Tjatse / req-fast

Fastest way to fetch the web content(HTML stream) from server, supports:redirects, auto decode(e.g.:Chinese), gzip, cookie, proxy...
Apache License 2.0
34 stars 6 forks source link

Fails for raw deflate encoded response #3

Closed entertainyou closed 8 years ago

entertainyou commented 8 years ago

url: http://mp.weixin.qq.com/s?__biz=MjM5MzIyMDExOQ==&mid=400941252&idx=1&sn=0d98926515101df82e552720e93d6f6a&scene=2&srcid=11298yEW5zEhufnUxomV561q&from=timeline&isappinstalled=0#wechat_redirect

The server has "Content-Encoding: deflate" response header, and the response is raw deflate encoded content.

Browsers can parse the url correctly(Firefox&Chromium).

Checked the code, it's not an easy change to recover from inflate error(when error, we can try inflate using zlib.createInflateRaw) or maybe we can remove the deflate part in accept encoding request header(request library only sends "gzip").

Tjatse commented 8 years ago

Thanks a lot, I've noticed this days ago,but haven't figured it out with an elegant way to automatic unzip gzip contents, now it's fixed in 12cfa8c and coverage with full tests.

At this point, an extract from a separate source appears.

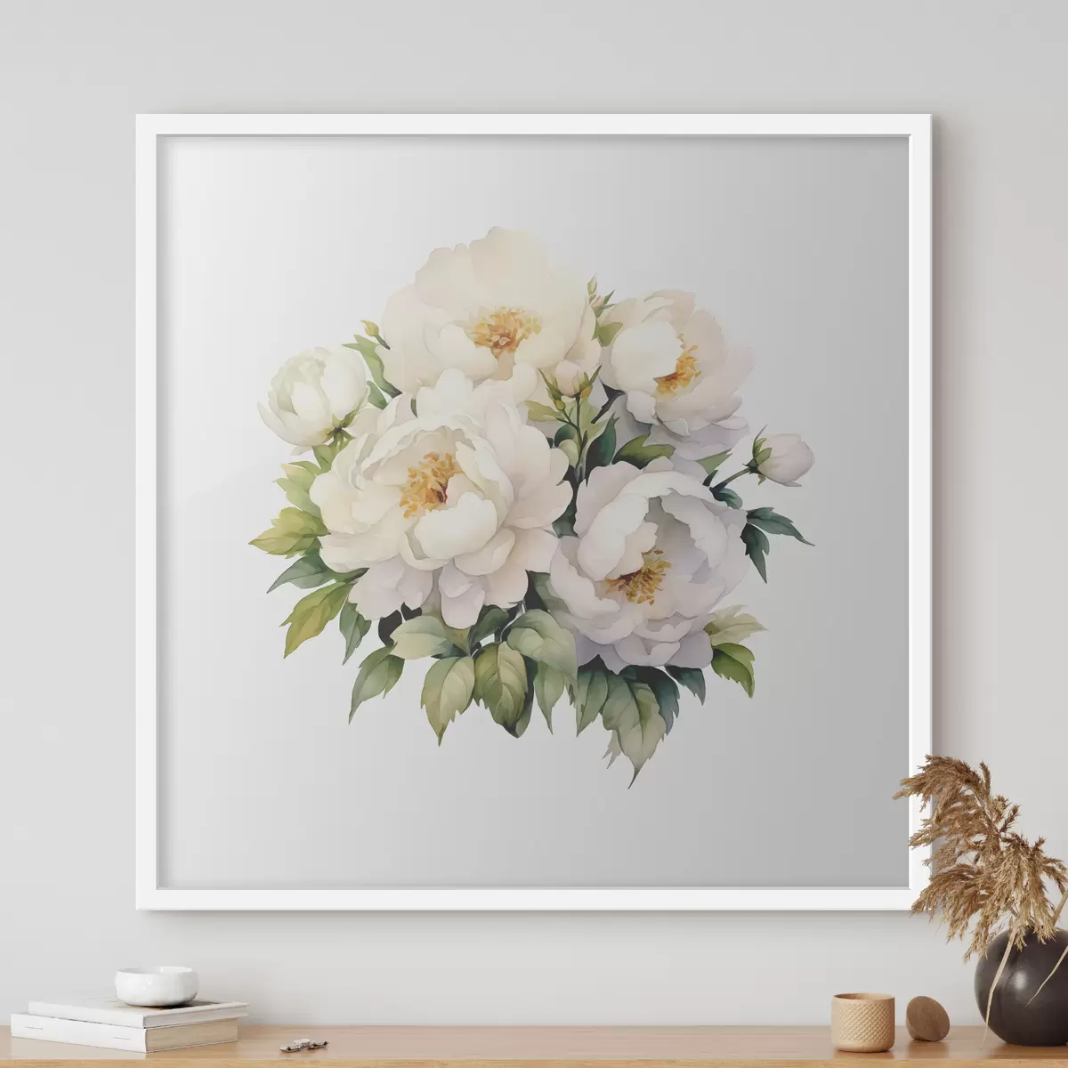 Plakát a sziklán Fehér virágzó bazsarózsa virágok zöld levelekben, akvarell, botanika f38481

it('auto handled @entertainyou', function(done){
  req('http://mp.weixin.qq.com/s?__biz=MjM5MzIyMDExOQ==&mid=400941252&idx=1&sn=0d98926515101df82e552720e93d6f6a&scene=2&srcid=11298yEW5zEhufnUxomV561q&from=timeline&isappinstalled=0#wechat_redirect', function(err, resp){
    should.not.exist(err);
    should.exist(resp.body);
    expect(resp.body).to.be.a('string');
    done();
  });
});

benchmark:

node benchmark/elapsed_time.js
A sample of 1000 cases:
request x 2.345 ms (+1307.25%, -57.36%).
req-fast x 2.009 ms (+895.52%, -100.00%).
request x 2.449 ms (+879.99%, -59.17%).
req-fast x 1.99 ms (+754.27%, -100.00%).
node benchmark/memory_usage.js
A sample of 1000 cases:
request x 31576.064 bytes (+7553.39%, -2655.45%).
req-fast x 11227.136 bytes (+43752.61%, -37020.83%).
request x 30715.904 bytes (+7741.05%, -2820.36%).
req-fast x 11337.728 bytes (+43975.14%, -45945.38%).
entertainyou commented 8 years ago

@Tjatse , thanks for the quick fix, how to interprete the benchmark results(There are two row of req-fast, and what's the number inside the parenthsis)?

A sample of 1000 cases:
request x 31576.064 bytes (+7553.39%, -2655.45%).
req-fast x 11227.136 bytes (+43752.61%, -37020.83%).
request x 30715.904 bytes (+7741.05%, -2820.36%).
req-fast x 11337.728 bytes (+43975.14%, -45945.38%).
Tjatse commented 8 years ago

I've just tested it twice :) and the numbers in parenthesis obey the following format:

[Module Name] x [AVG] [Unit] (+[(MAX / AVG - 1) * 100]%, -[(1 - MIN / AVG) * 100]%).'

How to run benchmark:

Run local server

node benchmark/server.js 

Elapsed Time

node benchmark/elapsed_time.js 

Memory Usage

node benchmark/memory_usage.js 
Tjatse commented 8 years ago

I am using this module to grab content from internet only, it works great, and like what I said:

GC effects these a lot, and I do not believe the result of process.memoryUsage().rss, request should performances better.

I am using request in lots of other situations, like post / upload data, it is fabulous.